Experiences of Teaching Music in Finland

So, the Finnish education system. One of the most discussed and celebrated systems amongst those in or studying the education profession. So what is the big fuss about?

Well naturally that is a question I cannot answer; however I have been lucky enough to have spent a two month placement teaching in Finland and even luckier to have spent that time working with the music specialist teacher in that school. So is music teaching really that different in Finland? From the school that I experienced, yes it is.

First of all, that was the first primary school in which I have ever experience the teaching of music theory. It was also the first school in which I observed and was also able to engage every child in music lessons.

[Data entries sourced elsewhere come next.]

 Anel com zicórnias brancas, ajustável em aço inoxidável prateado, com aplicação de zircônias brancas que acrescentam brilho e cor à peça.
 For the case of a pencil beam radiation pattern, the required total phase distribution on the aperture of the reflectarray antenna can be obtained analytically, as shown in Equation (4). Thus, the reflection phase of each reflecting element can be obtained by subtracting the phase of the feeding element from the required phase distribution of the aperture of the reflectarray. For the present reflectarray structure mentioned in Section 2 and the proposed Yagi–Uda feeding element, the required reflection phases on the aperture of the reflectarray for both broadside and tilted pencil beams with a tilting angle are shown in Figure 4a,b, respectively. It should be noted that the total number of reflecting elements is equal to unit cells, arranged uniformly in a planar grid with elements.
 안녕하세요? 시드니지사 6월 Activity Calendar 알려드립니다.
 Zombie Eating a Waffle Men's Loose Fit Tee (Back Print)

The main method I experienced was that of creating a band with the entire class. The key here seemed to be allowing the children to choose their own instrument. I don’t know what other people experienced in Primary school but when I was younger the teacher decided what you were going to play. They would usually give what they deemed to be a ‘better’ instrument either to a well-behaved child or a favourite. If you misbehaved, you received an instrument that was deemed inferior. It was always clear which instruments were supposed to be better. Should instrument allocation really be used as a punishment or reward? Surely every person will have a different preference for instrument anyway? And what kind of damage could these stigmas cause? Well in Finland, this did seem to be the case. The children were allowed to choose whatever they wanted to play. Piano, keyboard, xylophone, shakers, drums, drum kit, guitars and singing were all options. I even witnessed children playing upside down bins. If a child did not choose an instrument, they would not be forced. “Music should be done out of passion” one teacher said to me. The idea was that no one should be forced to play an instrument. Music was seen as being special to each individual who engaged with it. The few children who did not choose an instrument or to sing were not disruptive. Children who had lessons in a specific instrument could choose to play that at their own level but still had the freedom to choose another instrument if they preferred. If a child chose a tuned instrument that they had never played before the teacher would encourage them to learn the chords.

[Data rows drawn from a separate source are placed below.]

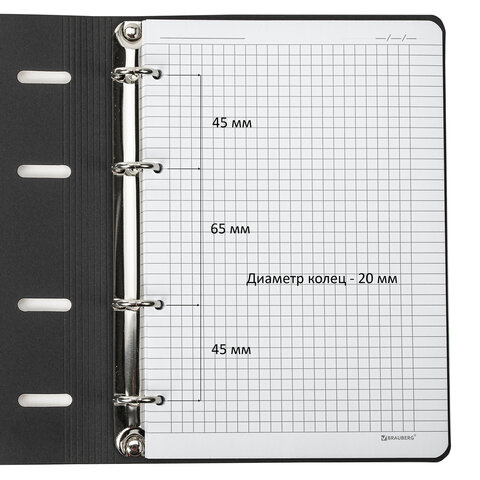 Блок состоит из 80 листов офсетной бумаги белого цвета плотностью 70 г/м2. Кольцевой механизм с 4-мя кольцами позволяет пользоваться сменным блоком в 120 листов. Линовка - клетка с полями. Мягкая интегральная обложка с вырубкой под кольца выполнена из износоустойчивого материала с текстурой под гладкую кожу. Формат А5 удобно носить в рюкзаке/сумке, что позволит брать на учебу/работу всего одну тетрадь с возможностью добавлять и менять листы.
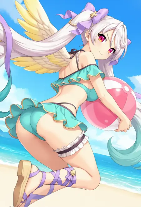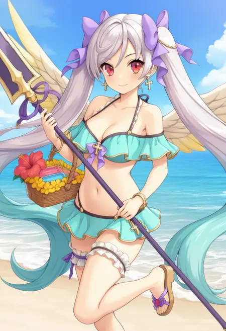 泳装服装: legecloMichael, legecloMichael costume2, 1girl, long hair, cross hair ornament, purple bow, purple hair ribbon, hair between eyes, twintails, multicolored hair, gradient hair, white hair, aqua hair, ribbon, cross earrings, red eyes, looking at viewer, two-tone eyes, closed mouth, v-shaped eyebrows, bare shoulders, wings, feathered wings, white wings, yellow wings, large breast, breast, collarbone, jewelry, gem, swimsuit, bikini, frills, off shoulder, off-shoulder bikini, aqua bikini, bikini skirt, frilled bikini, navel, collarbone, stomach, front-tie bikini top, flower, bracelet, sandals, thigh strap, bridal garter, thigh strap tassel, cross-laced footwear, ankle lace-up, toes, gladiator sandals
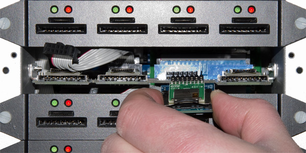 ● 個別のスロット故障が発生した場合に、修理に出さずにその場で対応ができる「クイックソケットスワップモジュール」を採用しています。
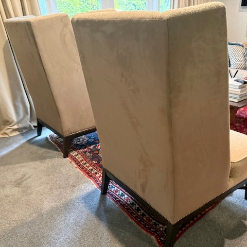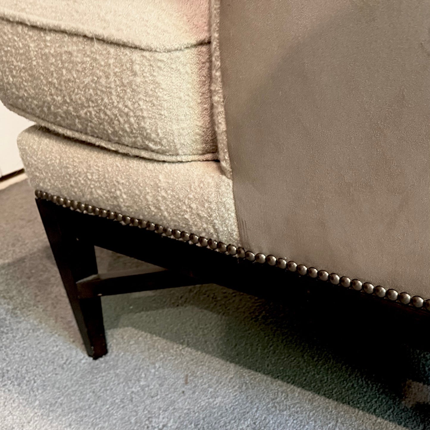 Stately wing chair with tight upholstered back, loose seat cushion atop a tapered show-wood base. The chair we have on offer has a suede outside back and boucle upholstery inside seat and back.
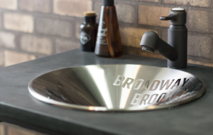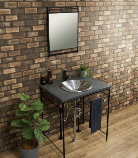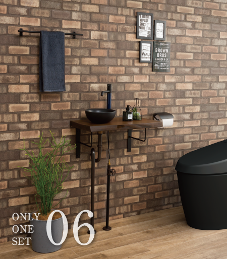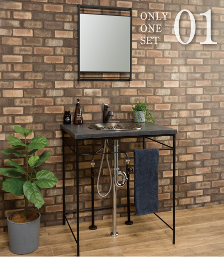 アンティークレンガの壁とくすんだ色合いのオーク材の床で「ブルックリンスタイル」に仕立てた空間に、ステンレスの手洗器とコンクリート調カウンターの素材感がアクセントを効かせつつ、さらにブルックリンスタイルの様相を高めています。また、存在感を抑えたアイアン製のカウンターフレームにすることで、全体の印象のバランスを図ったセットにしています。
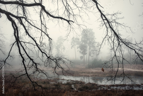 Beautiful atmospheric autumn foggy forest landscape. The last leaf on the bare branches of a tree on a rainy foggy day. Mysterious forest, autumn scene. Nature background. Atmospheric landscape
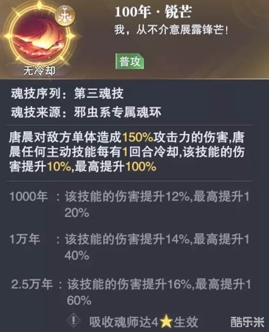 3.第三魂环选择锐芒,可以对单体造成百分之150的攻击伤害。
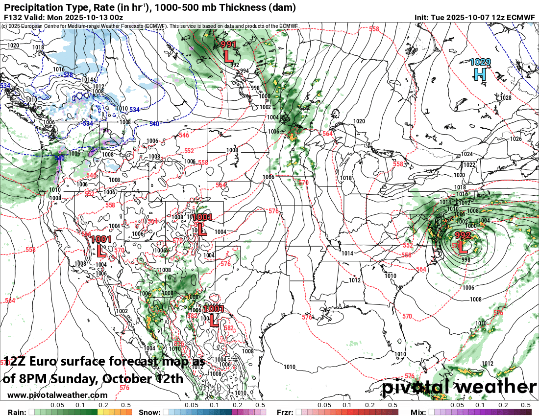 The latest run of the European forecast model (at 12Z) features a strong storm system just off the Mid-Atlantic coastline by Sunday evening. Map courtesy ECMWF, Pivotal Weather
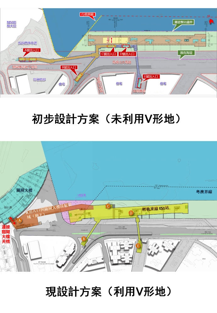 初步研究,ES1站與關閘邊檢大樓具備條件無縫連接,認為在現有邊檢大樓的出入口基礎上,再分別在一樓出境大堂及地面層入境大堂增加連接的方式具可行性。為此,將按照輕軌東線北段工程合同條款,由該承建商負責實施“V形地”範圍內的工作;至於ES1站連通關閘邊檢大樓的方案仍處於研究階段,將適時公佈。(MacaoBuild | 綜合報道)
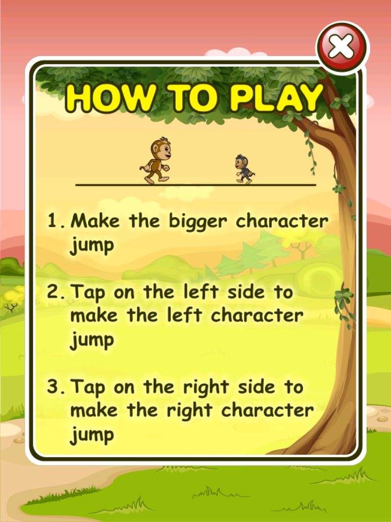Tap left to make the left monkey jump. Tap right to make the right monkey jump. Dont crash.
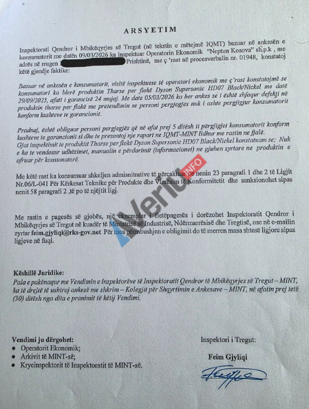 “Bazuar në ankesën e konsumatorit, vizitë inspektuese të operatori ekonomik me ç’rast konstatojmë se konsumatori ka blerë produktin Tharse per floke Dyson Supersonic HD07 Black/Nickel me datë 29/09/2025, afati i garancisë 24 muaj. Me datë 05/03/2026 ka bërë ankesë se i është shfaqur defekti në produktin tharse për flokë me pretendimin se personi përgjegjës nuk i ashte përgjigjur konsumatoril konform kushteve te garancionit”, thuhet në vendim e AIP për “Neptun Kosova”.
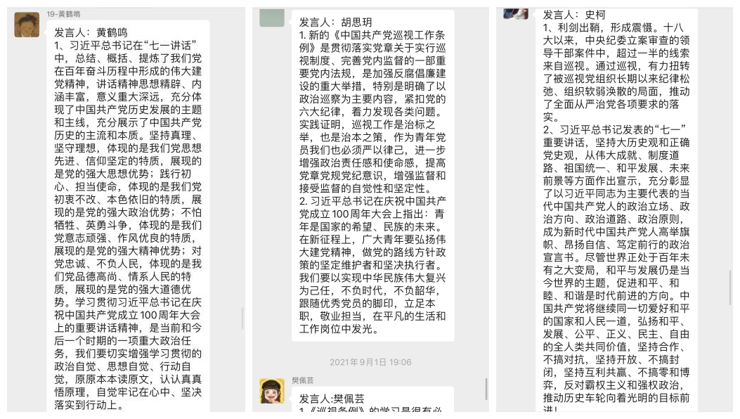 线上党日学习会议上,党员们积极发言,探讨关于文件的学习心得,共同分享了关于习近平七一重要讲话精神的感悟。
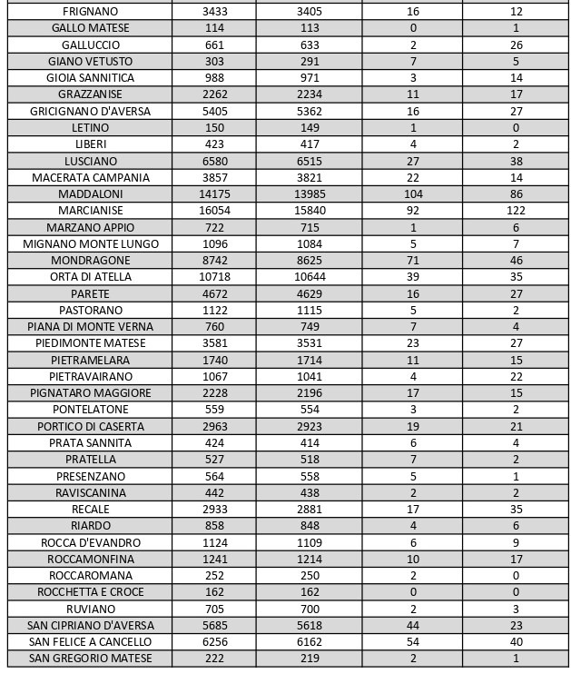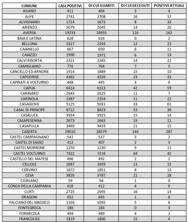 La città più colpita di tutta la provincia risulta essere Caserta con 287 casi positivi, Aversa con 162, Marcianise con 122, Santa M. C. Vetere con 93, Maddaloni 86, San Nicola La Strada con 70. Segue elenco dei dati del bollettino sanitario città per città:

After they had chosen instruments or vocals the teacher would write chords on the board for those using tuned instruments and help those on percussion to work out some rhythms. It wouldn’t take long before the whole class were able to play and sing in the form of a band.

The structure I decided to use was that of a four chord song. We would repeat (toista) four chords (sointu) over and over with very little deviation from this pattern. We practised dynamics in this way as well as tempo. I was lucky enough to be asked to do this lesson with several different classes and witness the different interpretations that each class gave. Each class chose two or three songs from a selection I had chosen to put together. They were all able to perform together.

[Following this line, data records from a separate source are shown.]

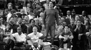 Dallas Mavericks-Besitzer Mark Cuban (stehend) kritisierte die Schiedsrichter. /
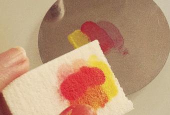 Alors en voyant toutes les vidéos tutoriels pour cette technique, je me suis dit "oh mais c'est facile, tu mets du vernis sur une surface plate, tu prends une éponge, tu prends les deux vernis avec qui du coup se mélangent pour faire le dégradé et hop tu tapotes sur ton ongles! Bin oui c'est simple quoi ! Même un enfant de 10 ans peut le faire !"
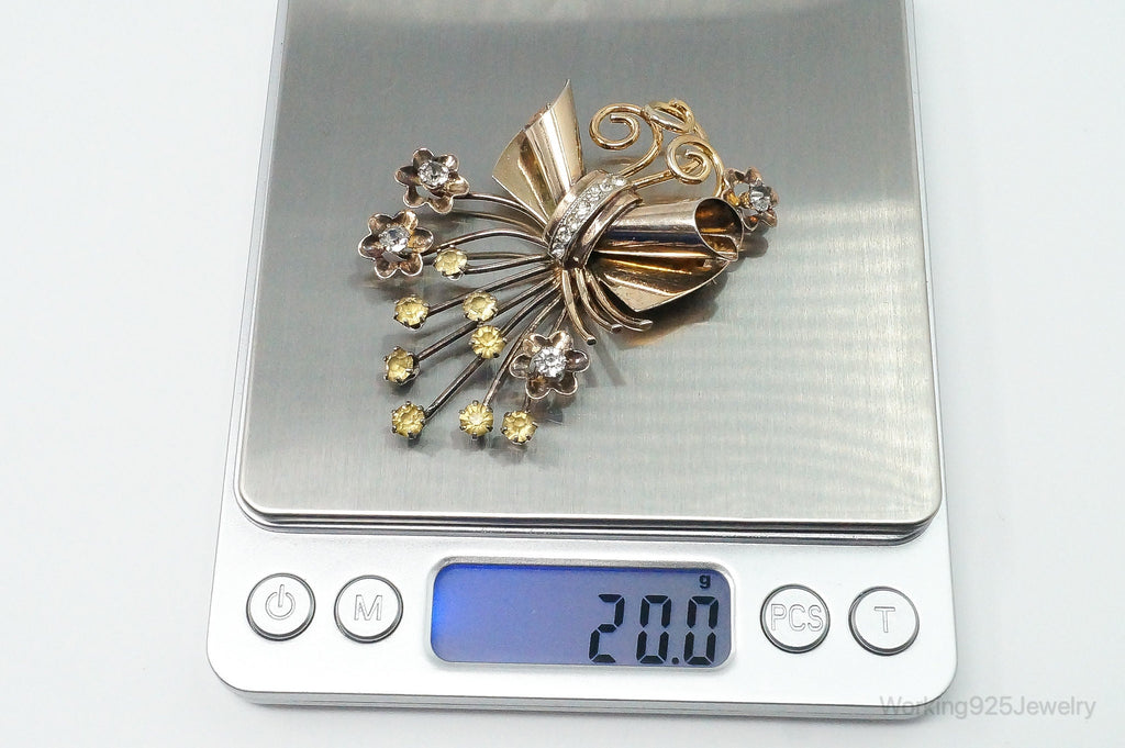 Large Antique Rhinestone Gold Tone Sterling Silver Brooch Pin
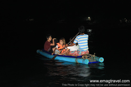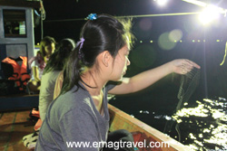 เรือแล่นออกจากเกาะมาเรื่อยๆ ประมาณ 30 นาที ทะเลมืดมาก มองไปไกลๆ เห็นแต่เรือประมงเปิดไฟเขียวๆ จับหมึก จับปลากันอยู่ไกลๆ
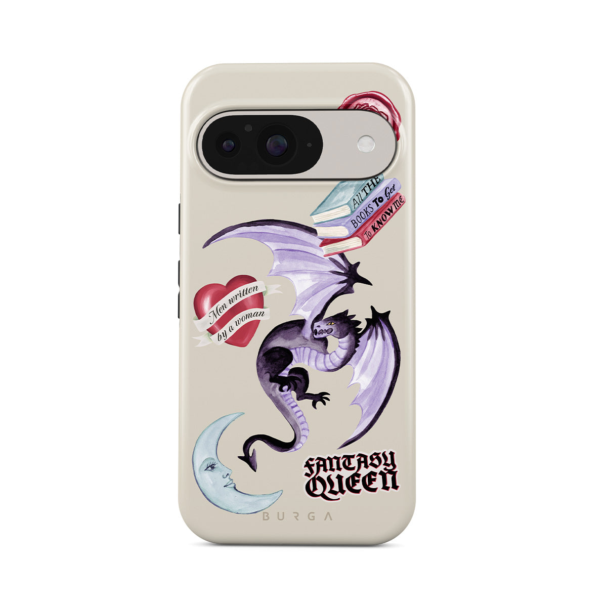 This design features: purple dragon, "Fantasy Queen" sticker, crescent moon, purple wax seal, heart with message, books

I have not yet had the opportunity to try this method in an English school but look forward to it greatly. Being able to choose their own songs, mostly popular ones, gave some meaning to what they were performing. Work on dynamics and tempo seemed to bring them together as a group. This method was self-differentiating. Children could challenge themselves to whatever level they chose. They were also allowed to enjoy music for what it is rather than doing it because their teacher said they had to. In addition, the pupils showed progression over their sequence of lessons and dedication to the project.

Another big difference between Finnish and English approaches to music seemed to be the time allocated to the subject. In Finland the classes would each have two music lessons a week. In England, as far as I have experienced, it is rare to have one a week. The Finnish school allowed children to book out the music room at lunch for practice and teachers would give up their breaks to teach basic guitar. In England the instruments are often kept in a cupboard in a hall and brought out rarely; children often only learn specific instruments if they can afford a private teacher and their own instrument. During teacher training Finnish teachers are all taught either the guitar or the piano. During my own teacher training I have spent eight sessions on music over three years. In this time we learnt some basic chords on the ukulele then left to pursue the instrument ourselves if we so wished. It seems to be these basic differences that have an impact.

Finland has completely changed my confidence in music teaching. I was always a willing volunteer to teach the subject, especially singing, but I feel that my understanding of how to do so has improved massively since this school placement. Many teachers seem under confident about teaching music; perhaps the biggest issue of all is how we can change that. Does this mean that something is missing from our training or is there something missing from our culture as a whole? There is much evidence to suggest that musical patterns are beneficial to a child’s development in addition to music allowing for development of specific skills and understanding of culture. So why is it that music is often so undervalued in schools?